Although the court’s issue was in the administration of the zoning law, Belmont sees the potential for other issues to arise, noting that other arguments were outside the court’s directive. He and his neighbors hope they can have issues such as building setbacks and the allowance for parking in the cell-tower fall zone included in a zoning appeal. His group’s goal is to push for an Environmental Impact Statement (EIS), which are typically the purview of much larger projects like the Chain Works District and Cornell’s 2,000-bed North Campus expansion. They’re not killing the project explicitly, but the cost and time required to do an EIS is an implicit way to achieve the same effect.

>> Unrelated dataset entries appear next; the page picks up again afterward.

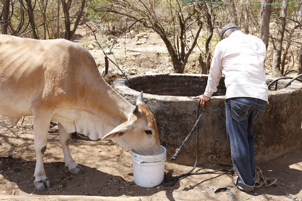 Como no hay agua para todo, los árboles frutales se están marchitando. La gente se baña con media cubeta y las vacas esperan por muchas horas sus tres cubetas que en lo individual necesitan para saciar su sed.
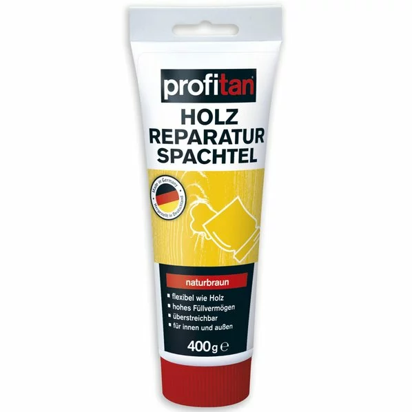 Der profitan Holz-Reparatur-Spachtel ist, wenn Sie schnelle und gute Hilf benötigen, genau das Richtige. Er ist gebrauchsfertig und einfach zu verarbeiten. In Naturbraun können Sie viele Holzschäden reparieren und Unebenheiten ausbessern. Er zeichnet sich durch die gleiche Flexibilität wie Holz aus und besticht durch ein hohes Füllvermögen. Nach dem Trocknen kann er einfach überstrichen werden und ist außerdem für den Innen- sowie Außenbereich geeignet.
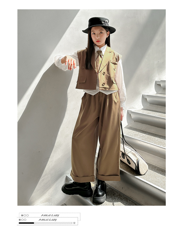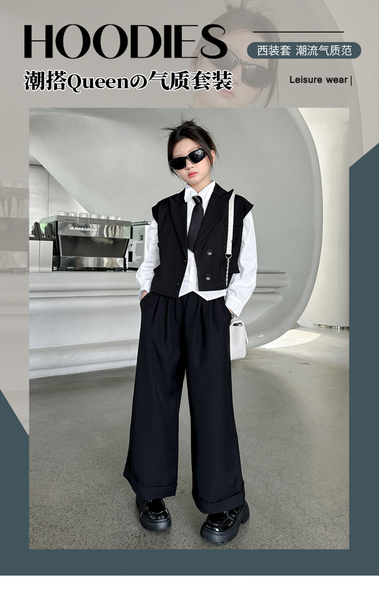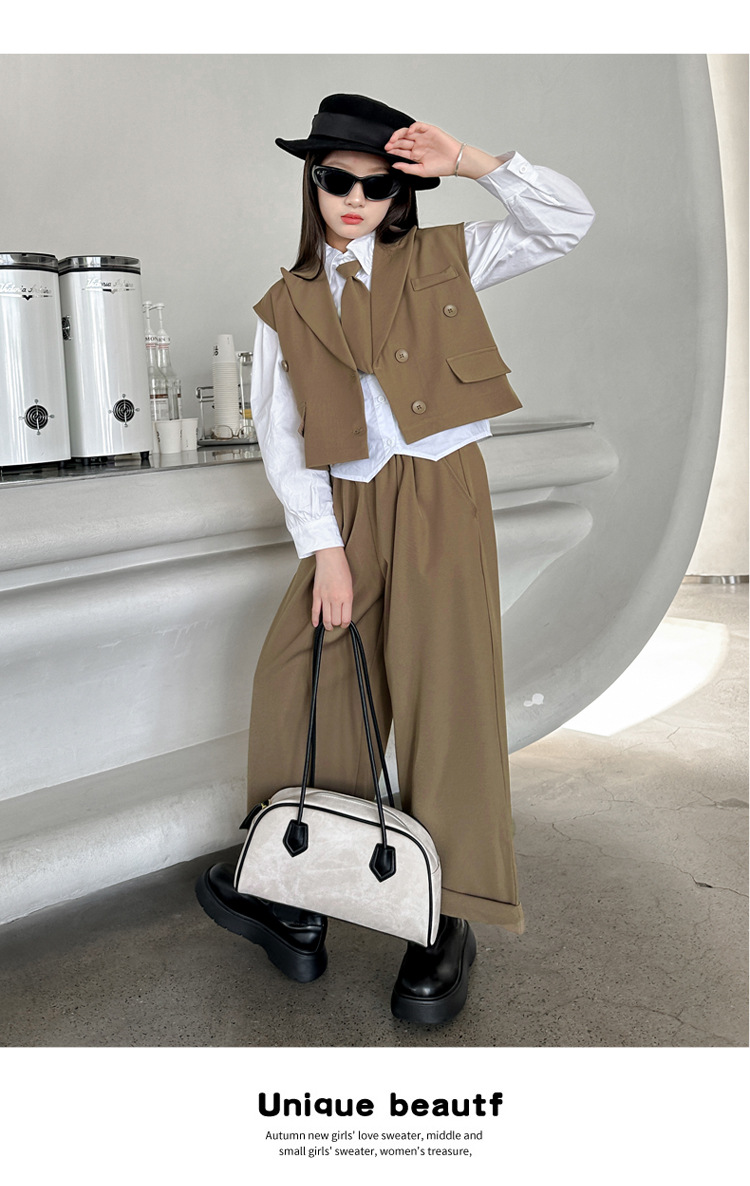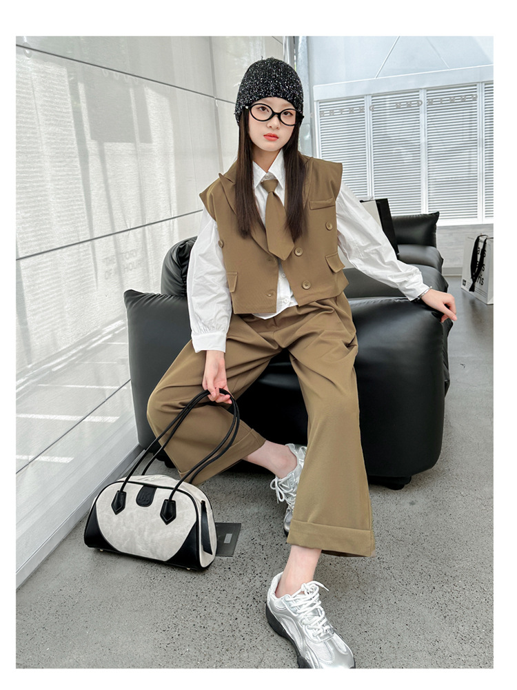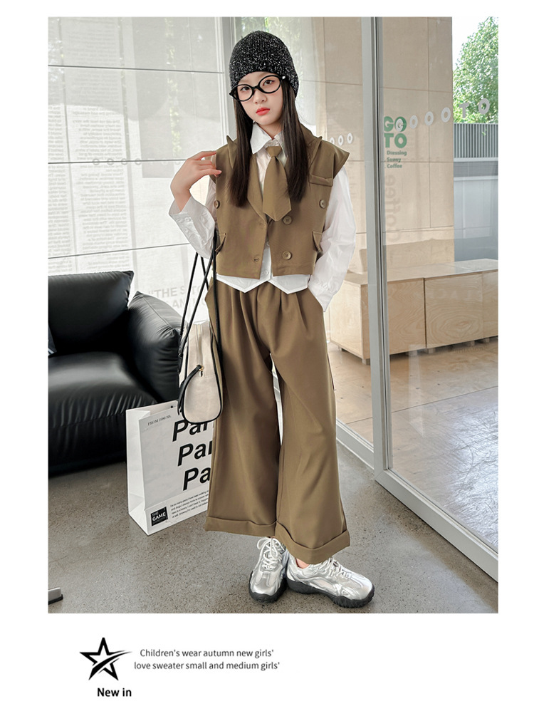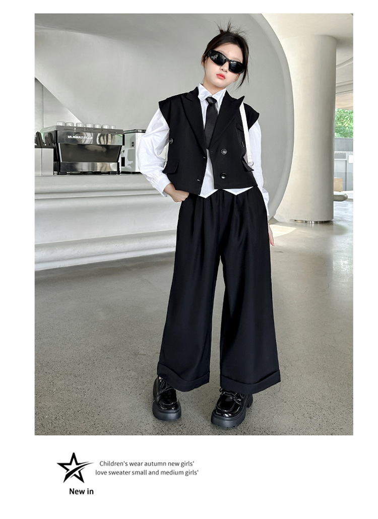 女の子の秋の服の新しいファッション 2025 新しい韓国スタイルの女の子のファッショナブルなインターネット有名人の長袖スーツベストとズボンのスーツ
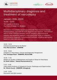 A multidisciplinary seminar dedicated to narcolepsy and the study of innovative diagnostic methods will take place on January 20, from 10:00 a.m. to 12:00 p.m., at Modena Technopole

As for where it goes from here, stop-work order debate aside, the Zoning Division now has to “show its work.” The office needs to publish its findings on how it came to its decision that variances weren’t required, therefore sufficiently responding to the administrative appeal. Things like slope and impermeable surface coverage and the cellphone tower aren’t likely to make it beyond a basic review, as either the Planning Board covered them in 2019, or the law is pretty explicit – for instance, structures aren’t allowed in cell phone tower fall zones, and parking lots are not structures. But if it turns out the procedure was unsatisfactory for calculating the need for building setbacks, the project may then have to visit the BZA, even though it’s already undergoing foundation work. If it turns out Leonardi’s work was fine, then it’s only an example of how municipal oversight can turn into a major headache.
“The BZA and the city and Svante (Mayor Myrick) and the city council should know what happens when their own processes aren’t followed. I think Gino Leonardi erred and overstepped his authority, and that created a kink in this whole process…if this process had been followed, then a whole lot of time, energy, money and pain could have been avoided,” said Belmont.